Bitcoin, Ethereum Recover as Evergrande Fears Subside, Fed Talks ‘Tapering’

The crypto market is picking up again after taking a hit earlier this week.

By Mathew DiSalvo           3 min read • Sept 22, 2021

Bitcoin—and the wider cryptocurrency market—today bounced back after a troubling start to the week for investors, aided by a Federal Reserve announcement and good news from Chinese property developer Evergrande.

The biggest digital asset by market cap was trading at $43,796, a 3.8% 24-hour increase, according to CoinGecko data.

Ethereum, the second biggest cryptocurrency by market cap, also made hopeful gains of 5.3% in 24 hours and was trading at $3,089. It had been hit hard Monday—harder than Bitcoin—and was just yesterday trading below $3,000, the first time it dipped that low since August 6.

The wider crypto market followed suit and was largely in the green today. Solana, the sixth biggest cryptocurrency by market cap, was trading at $148.49, an increase of 14% since yesterday. It’s still down 25% from its all-time high above $200 earlier this month.

And Dogecoin, billionaire Elon Musk’s favorite crypto and the tenth biggest digital asset by market cap, made modest gains of 1.5%; it was trading for $0.22 at the time of writing.

The crypto market was struggling Monday and Tuesday—along with the global equities market—partly due to concerns over a potential global financial fallout related to Chinese property developer giant Evergrande. The company has $300 billion-worth of debt that some analysts say it won’t be able to pay back.

The situation has had some wondering whether this could amount to China’s “Lehman moment,” suggesting that the country could be on the verge of a financial crisis on par with the one caused by Lehman Brothers’ collapse in 2008.

Today, though, the Shenzhen-based company said it agreed to settle interest payments on a domestic bond. This calmed previously spooked global markets.

But what have global equities and China, the world’s second largest economy, got to do with cryptocurrencies like Bitcoin and Dogecoin?

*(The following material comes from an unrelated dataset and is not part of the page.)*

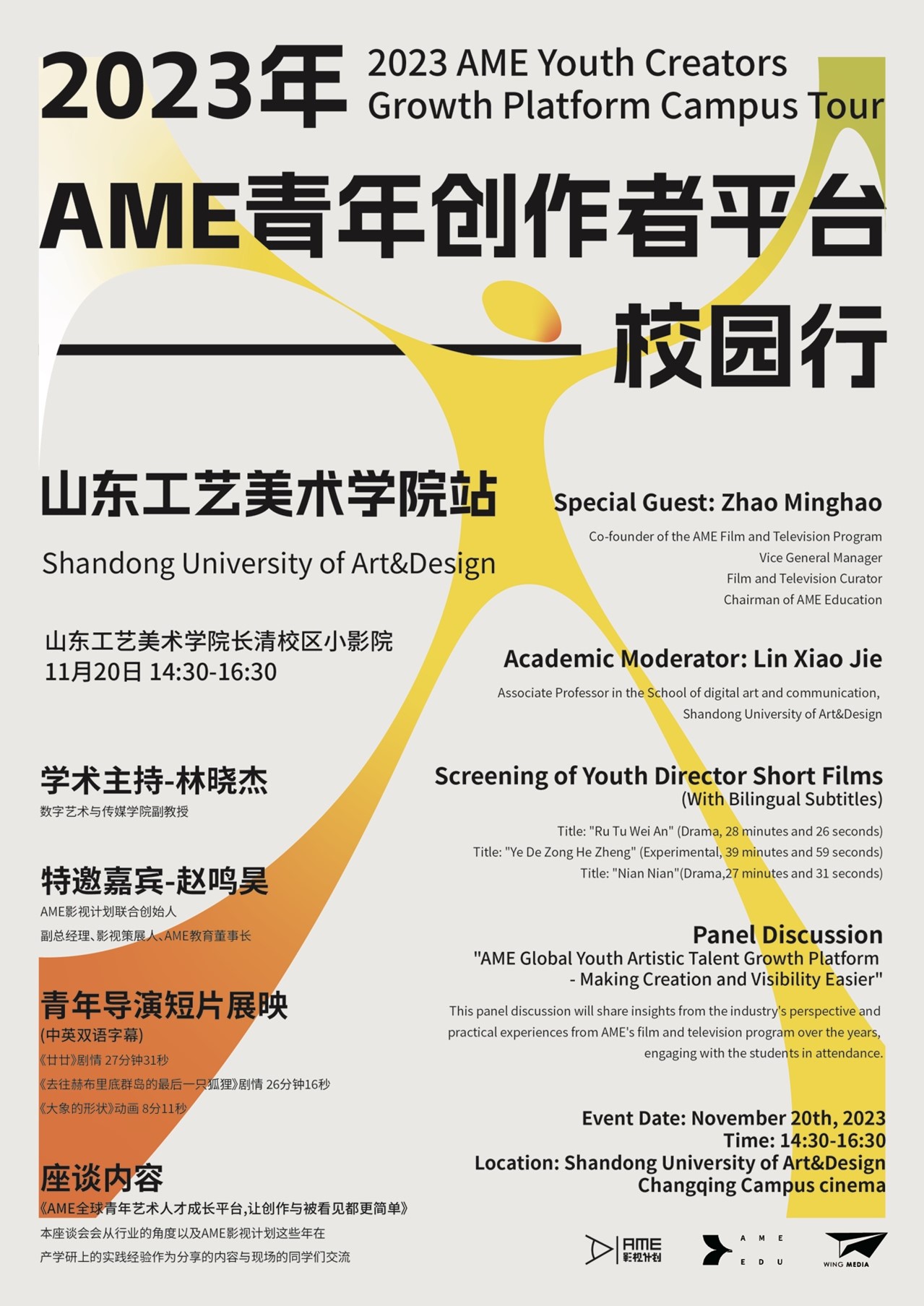 11月20日,“AME青年创作者平台校园行-2025新澳门免费原料大全站”活动在阶梯一教室顺利举办。本次活动旨在分享AME在产学研上的实践经验,为同学们带来了影视行业发展的前沿动态。

Cryptocurrencies like Bitcoin are generally perceived to be speculative and risky assets. And when there is global financial uncertainty, big investors tend to sell riskier assets, like cryptocurrency or certain equities. This is what appeared to happen yesterday and Monday, according to some analysts.

Meanwhile, as fears over Evergrande apparently subsided, the U.S. Federal Reserve also announced today it would keep benchmark interest rates anchored near zero. It also raised inflation expectations and pushed its timetable for the tapering of the central bank’s bond purchases to 2022.

When this has previously happened, Bitcoin—and other cryptocurrencies—have gone up in value. This is because interest-bearing investments, such as bonds or debt-based financial instruments, aren’t generating interest and are therefore less attractive to investors.

Alternative assets, such as Bitcoin, then become more attractive. Investors losing confidence in the U.S. dollar due to inflation could mean more money flowing into assets such as Bitcoin, which might help explain today’s market movements.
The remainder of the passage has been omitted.